Muscle-Tendon Interaction

  • Fiber Length:

    • Longer muscle fibers relate to faster muscle contraction capabilities.

  • Cross-Sectional Area: An increase in muscle thickness typically results in greater force output.

  • Elastic Components: Tendons facilitate faster movements by storing and releasing elastic energy, which muscles alone cannot achieve effectively.

Training Implications

  • To increase muscle power, focus on hypertrophy in proximal muscles and utilize plyometrics and explosive training to enhance elastic energy storage.

  • Example: Training sprinting athletes' glutes while ensuring the calves develop accordingly to optimize vertical jump performance.

Stretch-Shortening Cycle (SSC)

  • The Stretch-Shortening Cycle: This cycle refers to the muscle-tendon system converting stored elastic energy into kinetic energy, effectively enhancing the velocity and height of jumps through pre-active stretches and rebounds of tendons.

    • Mechanisms enhancing SSC effectiveness:

    • Elastic strain energy storage.

    • Muscle-tendon interaction optimizing energy use.

    • Forced preload enhancing jumps.

    • Increased time for activation enhancing power output.

    • Stretch reflexes triggering muscle activation for more forceful contractions.

Elastic Strain Energy Storage

  • Elastic energy storage depends on stiffness and elongation of tendons:

    • Performance can be significantly influenced by energy stored in tendons.

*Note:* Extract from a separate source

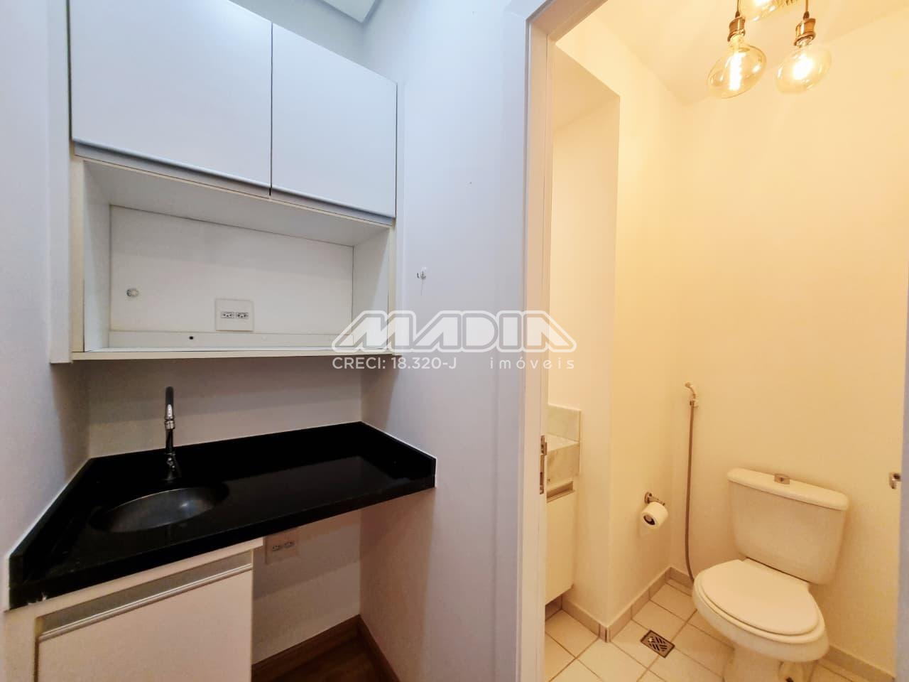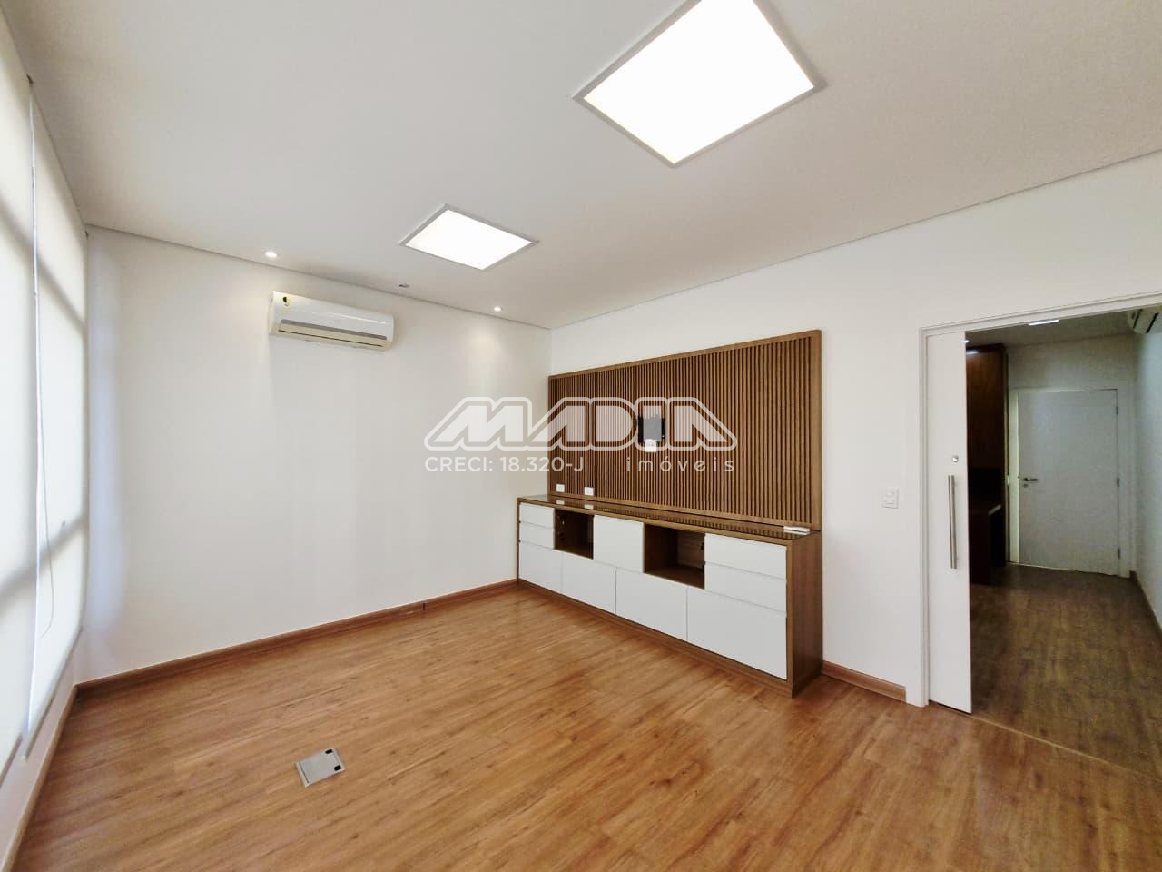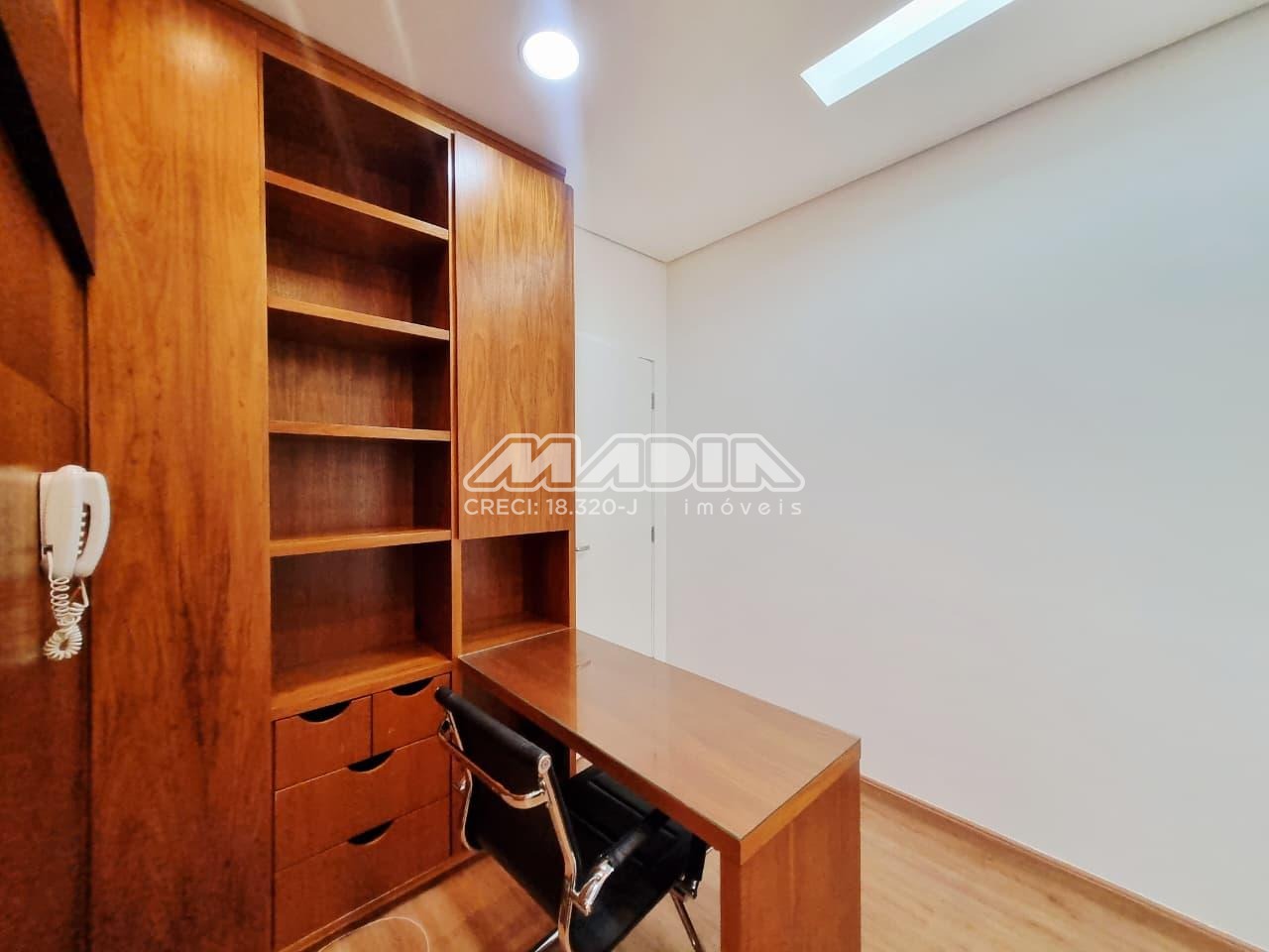 Sala de 38,56m², 3 salas com armários, mesa, painel, 1 banheiro, ar condicionado, piso laminado, 1 vaga de garagem rotativa

    • Overcoming force-velocity limitations in muscles allows for faster movements through tendon elasticity, akin to a jet engine powering through speed.

Movement Example: Frog Jump Analogy

  • Frog Mechanics: Similarities between human and frog jumping mechanics emphasize the functional evolutionary adaptations of our limbs.

    • Performing frog-like jumps offers insight into human biomechanics as both depend on maximizing muscular tendencies and elastic energy in a catapult fashion.

Implications for Biomechanical Training

  • Assessing Movement Patterns: Evaluating individuals' jump mechanics can help define their reliant muscle groups, suggesting a tailored exercise program focusing on enhancing strength and speed.

  • Natural Biomechanics: Training should adopt a foundational understanding of the natural movement’s biomechanics in significant sports, ensuring alignment with both strength and speed requirements in specific training programs.

  • Injury Prevention: Understanding the principles of muscle-tendon interactions can aid in designing preventive strategies against sports-related injuries.

Conclusion and Future Topics

  • Continuing Education: Students should focus on how the body’s mechanisms create powerful movements, while future lessons will delve deeper into building optimized movement systems for athletes by understanding both the mechanics and training principles needed.

  • Discussion Reminder: Questions and clarifications on the day's lecture's mechanisms and their implications for training methodologies should be brought forth in the next session.

  • A reminder for students to reflect on learned concepts as they will be pivotal in future discussions about how to engineer optimal human performance and movement efficiency.